= Triangular Dominoes =

Triangular Dominoes is a variant of dominoes using equilateral triangle tiles, patented by Franklin H. Richards in 1885. Two versions were made: a starter set of 35 unique tiles, with each side numbered from zero to four pips, and an advanced set of 56 unique tiles, with each side numbered from zero to five pips. In both versions, a wild card "boss" tile was included, making 36 and 57 tiles in each complete set, respectively.

==Equipment==
In his patent, Richards used a three-digit notation, referring to the pips in clockwise order from the side(s) with the lowest value. Richards illustrated the tiles as two unique sets, with pip values subject to the following restrictions:
- Pip counts may be repeated
- Starting from the side with the lowest value and proceeding clockwise, the number of pips on a side is equal to or greater than the prior side

In addition to this marking scheme, Richards added the sum of all pips to the center of the tile.

Richards Triangular Domino sets
Triples: Doubles; Singles
000: 001; 002; 003; 004; 005
111: 011; 112; 113; 114; 115; 012; 013; 014; 015
222: 022; 122; 223; 224; 225; 023; 024; 025; 123; 124; 125
333: 033; 133; 233; 334; 335; 034; 035; 134; 135; 234; 235
444: 044; 144; 244; 344; 445; 045; 145; 245; 345
555: 055; 155; 255; 355; 455

Percy Alexander MacMahon showed there were 24 possible combinations when each of the three edges of an equilateral triangle are assigned one of four values, and showed the number of unique pieces that can be made in this way is $\frac{n}{3}\cdot(n^2+2)$ for $n$ unique values. For $n=5$, there are 45 unique combinations possible, and for $n=6$, there are 76 unique combinations; the reduced set of 35 and 56 in Triangular Dominoes, for 0–4 and 0–5 pips, respectively, result from the additional restriction for increasing values around each side of the tiles when counting clockwise. This can be demonstrated by examination of the "singles" tiles: where 012 is a valid sequence in Triangular Dominoes, 021 is not, and so the mirror image of each "singles" pattern is excluded; there are ten excluded patterns for the set of 0–4 pips and twenty for the set of 0–5 pips. By examination, mirror images of the triples and doubles are identical to the original tiles and so these patterns already adhere to the counting-up restriction.

Selected included and excluded tiles
0-1-2, included
0-2-1, excluded (mirror image of 012)
0-2-4, included
0-4-2, excluded (mirror image of 024)
0-3-5, included
0-5-3, excluded (mirror image of 035)

These restrictions and resulting tile set of Triangular Dominoes were retained, with markings moved to the corners using Arabic numerals for Triominoes, which was published in 1965.

Comparison of selected tiles in Triominoes and Triangular Dominoes
0-1-2 (Triangular Dominoes)
0-1-2 (Triominoes)
0-2-4 (Triangular Dominoes)
0-2-4 (Triominoes)
0-3-5 (Triangular Dominoes)
0-3-5 (Triominoes)

==Gameplay==

"Boss" wild card tile

Richards proposed several games that could be played in the patent.

===Points===
For this variant, the "boss" tile may be included or left out.
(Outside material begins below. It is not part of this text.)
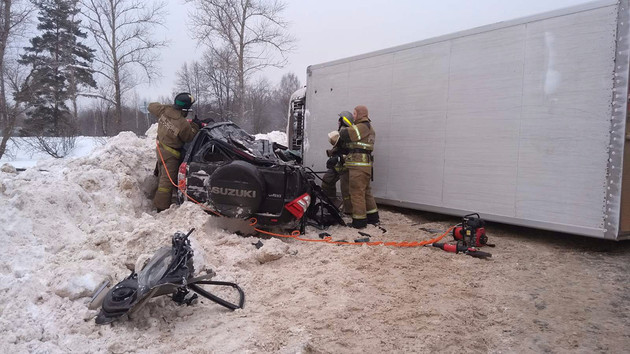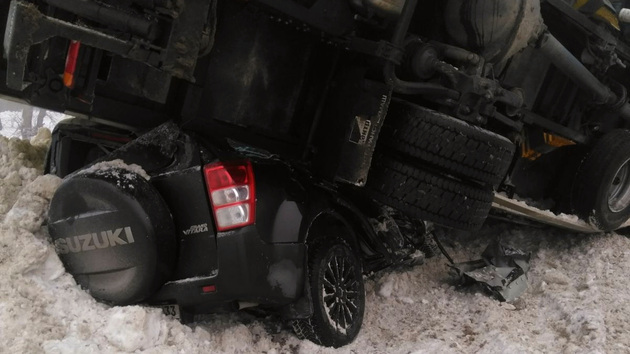 Утром 23 января на трассе Р-132 «Золотое кольцо» в Гусь-Хрустальном районе Владимирской области произошло столкновение кроссовера "Сузуки" с грузовиком "Вольво". В результате ДТП грузовик перевернулся на бок и раздавил рамно-интегрированный кузов внедорожника.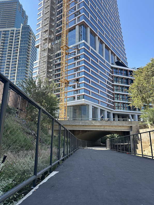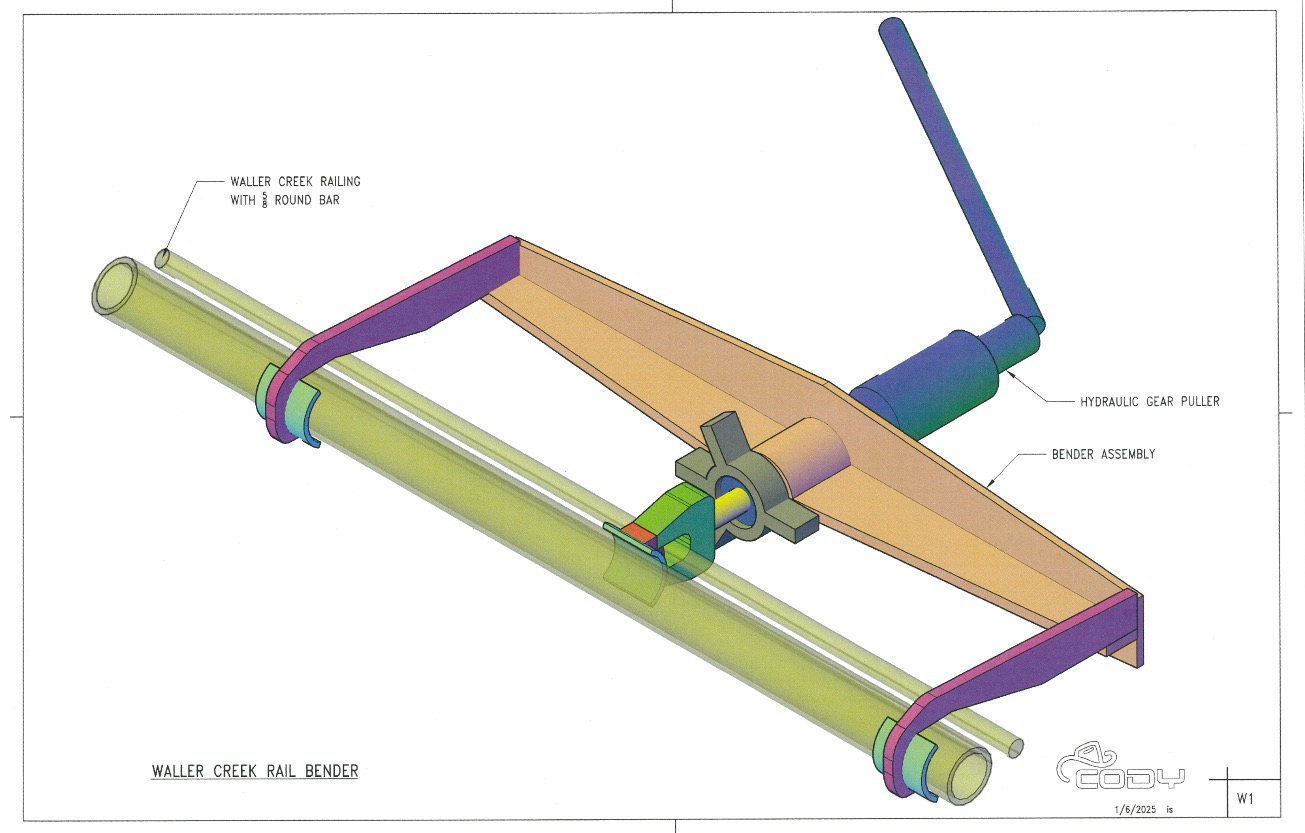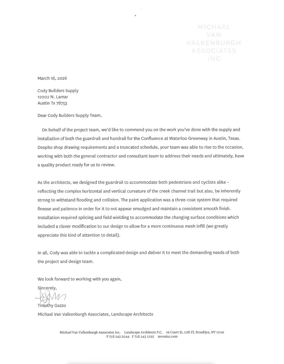 The job involved twisty, curvy paths through downtown Austin. A special straightening tool had to be devised to ensure smooth alignment in the field work. We did both the furnishing and the installation for this high-profile job. The paint system was particularly tricky and expensive. Thanks to our partners and Tim Gazzo at Michael Van Valkenburgh Associates, who designed such a masterful symphony of metal with nature. Thanks to Carl Stahl and Carlos Biera for supplying the cutting-edge stainless steel mesh system that we wove onto the railing.

The tiles are distributed evenly between the players. Play is led by the player holding the highest triple tile. Each player takes a turn, placing one tile on the table; each tile must be added next to the tile that was placed in the preceding turn, matching the number of pips on adjacent sides. Once one player exhausts their hand, the game is over and the winner's score is determined by the sum of the pips on the tiles remaining in their opponents' hands.

===Muggins===
This variant is similar to "points", except the matching criterion is the sum of pips on adjacent sides must be a multiple of five.

===Star===
This variant allows players to lay tiles side-to-side or corner-to-corner. Corner-to-corner plays are allowed when the player is able to match the number on both sides of the corner. If a corner-to-corner match is created, that player can take another turn. Scoring in this variant is accomplished when the sum of all the pips on both dominoes (whether matched side-to-side or corner-to-corner) is a multiple of five; for example, if the 233 and 334 tiles are laid next to each other, the total sum is (2+3+3)+(3+3+4)=18, not divisible by five and hence no score is awarded. Alternatively, if the 233 and 133 tiles are laid next to each other, the total sum is 15, divisible by five, and the player is awarded 15 points.

When the "boss" tile is played, the tile is assumed to have enough pips to bring the sum of it and adjacent tile(s) to a multiple of five. Subsequent tiles played next to the "boss" tile assume the value is zero.